• Numerical approximations and analysis;
  • Tsunamis;
  • Indian Ocean


We evaluate far-field tsunami hazard in the Indian Ocean Basin based on hydrodynamic simulations of ten case studies of possible mega earthquakes at the major seismic zones surrounding the basin. They represent worst-case scenarios of seismic rupture along the full extent of seismogenic faults having supported large earthquakes in the historical record. In a series of numerical experiments in which the source parameters of the 2004 Sumatra tsunami are allowed to vary one by one, while keeping the seismic moment and the fault orientation unchanged, we document that the main patterns of far-field tsunami amplitudes are remarkably robust with respect to nominal variations in such parameters as hypocentral depth, exact centroid location, and slip distribution on the fault plane. These results validate the concept of modelling case scenarios of potential future earthquakes whose source is by definition imprecise.

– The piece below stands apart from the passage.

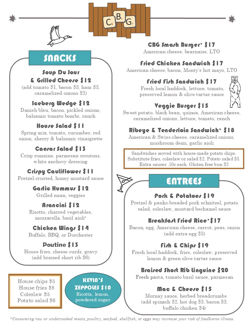 CBG - Portland Menu

We consider seismic sources located at the extremities of the 2004 Sumatra–Andaman rupture, namely along the southern coast of Sumatra and in the Andaman–Myanmar province; along the Makran coast of Pakistan and Iran; and also along the southern coast of Java, where the possibility of a large interplate thrust earthquake cannot be entirely dismissed. The results of our hydrodynamic simulations indicate that the distribution of maximum amplitudes in the Indian Ocean Basin is primarily controlled by the classical effect of source directivity, and additionally by refraction and focusing along bathymetric features. As a result, many provinces in the basin could be threatened by higher tsunami amplitudes than in 2004. This pattern is particularly important along the coast of East Africa, from Somalia to and including South Africa, in Madagascar and the Mascarene Islands, especially under a South Sumatra scenario involving an earthquake comparable to, or even possibly larger than, the 1833 event, whose epicentral area is widely believed to be under enhanced seismic risk as a result of stress transfer from the 2004 and 2005 ruptures to the northwest, possibly even in the wake of the 2007 Bengkulu earthquakes.